Principle two: flex your assets

Customers are becoming ever more demanding. They increasingly want tailored products and services where and when they desire. The trend towards mass customization,  new tools (such as robotics and 3D printers) and new approaches (such as social manufacturing and continuous production) can help operations and supply chain managers ‘flex’ their production, logistics and service assets to satisfy demanding customers better and more cheaply. The goal of flexing assets is not only about saving resources, such as carrying less inventory, but also about saving time—a business’s most valuable resource.

 

Principle three: Create sustainable solutions

This demonstrates how companies can implement sustainable practices such as cradle-to-cradle and the circular economy (where components and materials are repeatedly recycled) to design and manufacture waste-free products of value to customers. It shows how the sharing economy—in which customers share products as pay as- you-go services rather than own and consume them—can boost customer loyalty and generate new sources of revenue. And it explains how some pioneering firms are using techniques such as upcycling to combine and integrate the principles of the sharing and circular economies, thus paving the way for the ‘spiral economy’: a virtuous system that generates evermore value while reducing waste and the use of natural resources. Thus R&D and manufacturing managers can develop self-sustaining solutions that help both businesses and the environment



Principle four: shape customer behaviour

 Companies can influence consumers into behaving differently (for example, driving less or more safely) and feeling richer while consuming less. Marketing managers can improve brand loyalty and market share by tailoring frugal products and services more closely to the way customers actually think, feel and behave—and by properly positioning and communicating the aspirational value of these frugal solutions. Indian brands can use clever design and marketing techniques to encourage Indian consumers to adopt a healthy and sustainable lifestyle.

 

 

Principle five: co-create value with prosumers

Consumers want a ‘conversation’ with their brands. Consumers now design, build and sell products themselves especially the tech-savvy millennials and Generation Z (those born between 1981 and 2012)—are evolving from passive individual users into communities of empowered ‘prosumers’, who collectively design, create and share the products and services they want. Sales and marketing managers can build greater brand affinity and deepen their engagement with customers by co-creating greater value for all.

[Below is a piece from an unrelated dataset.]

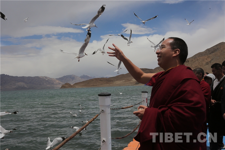 7月26日,十一世班禪觀覽班公湖,考察生態(tài)保護(hù)情況。置身于藍(lán)天綠水和湖光山色中,觀看鳥兒展翅飛翔和低空盤旋,聆聽美妙的鳥鳴聲,讓人感受到人與自然、與動(dòng)物和諧相處的溫馨場(chǎng)景。

The horizontal economy which allows consumers to design, build, market, distribute and trade goods and services by and among themselves, is being encouraged by Fab Labs and maker spaces, the low-cost building blocks of DIY products, Peer-to-peer sharing platforms, collective buying platforms, and crowdfunding platforms that finance new ventures.

 

 

Principle six: make innovative friends

R&D and operations managers can develop frugal products, services and business models more efficiently by collaborating with diverse external partners (such as suppliers, universities, venture capitalists and start-ups) than by working alone.  In addition, makerspaces can connect large companies and nimble inventors and enable them to co-create new products faster and cheaper using digital prototyping tools.  Brands must increase the breadth and depth of their partnerships in order to understand the real nature of the so-called wicked problems and solutions. Companies must also transform themselves from within by setting up an innovation-brokering function, increasing internal agility, and monetizing, intellectual capital beyond just protecting it.

 


Do Better With Less is India’s guide to claiming global leadership in frugal innovation.